Dalam kasus dugaan korupsi proyek Meikarta, KPK, kata Petrus, bersikap ambivalen. KPK misalnya menerima adanya laporan seorang Saksi Edi Soes dalam kasus dugaan suap pengurusan izin proyek pembangunan Meikarta yang merasa terancam karena dilaporkan oleh tersangka BTO kepada pihak kepolisian. Akibatnya Saksi yang bersangkutan mengajukan permohonan perlindungan Saksi kepada KPK karena merasa terancam dilaporkan ke kepolisian oleh tersangka BTO.

“Anehnya permohonan perlindungan Saksi tersebut, direspons KPK dengan mengakomodir permohonan perlindungan saksi tersebut dengan mengacu pada Undang-Undang (UU) tentang Perlindungan Saksi dan Korban, yang menjamin bahwa saksi tidak dapat dituntut secara pidana ataupun perdata. Bayangkan laporan masyarakat kepada Polri oleh KPK diakomodir sebagai sebuah ancaman yang menghalangi kewajiban menjadi Saksi,” kata Petrus.

Sedangkan untuk Saksi James Riyadi yang absen pada panggilan sebagai Saksi pada pemeriksaan tahap berikutnya, KPK langsung mengancam akan menggunakan upaya paksa atau menjemput paksa James Riyadi, karena ketidakhadirannya menjadi Saksi bagi Tersangak BTO.

“Ini juga tindakan yang melanggar hukum karena sikap KPK telah menakut-nakuti James Riyadi, meskipun James Riyadi bisa saja tidak takut,” ujar Petrus.

KPK, kata Petrus, menerapkan standar ganda, dimana terkait kedudukan Saksi Edi Soes, KPK memberikan perlindungan dengan narasi yang sejuk di media, bahwa Saksi Edi Soes tidak dapat dituntut secara perdata dan pidana akibat kesaksiannya, sementara Saksi James Riyadi baru mangkir sekali langsung diancam KPK akan dilakukan upaya jemput paksa.

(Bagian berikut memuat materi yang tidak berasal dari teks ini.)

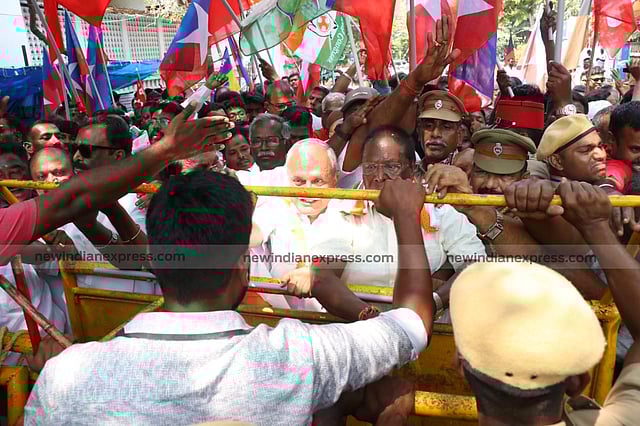 PCC President and Lok Sabha member V Vaithilingam, former Chief Minister V Narayanasamy, Leader of Opposition in Puducherry Legislative Assembly R Siva, CPI State Secretary A M Saleem, CPM state Secretary R Rajangam, MLAs of Congress and DMK and a host of functionaries of the parties were arrested when they attempted to barge inside Raj Nivas forcibly.

“Posisi seorang saksi di hadapan KPK ia dijamin oleh UU KPK, KUHAP dan UU PSK untuk dilindungi, karena itu apapun hambatan KPK ketika hendak memeriksa Saksi, maka sikap melindungi Saksi harus dikedepankan, KPK tidak boleh arogan apalagi mengintimidasi Saksi dengan narasi mengancam jemput paksa atau mentersangkakan Saksi sebagaimana sikap KPK hendak menjemput paksa James Riyadi,” pungkasnya. (Ryman)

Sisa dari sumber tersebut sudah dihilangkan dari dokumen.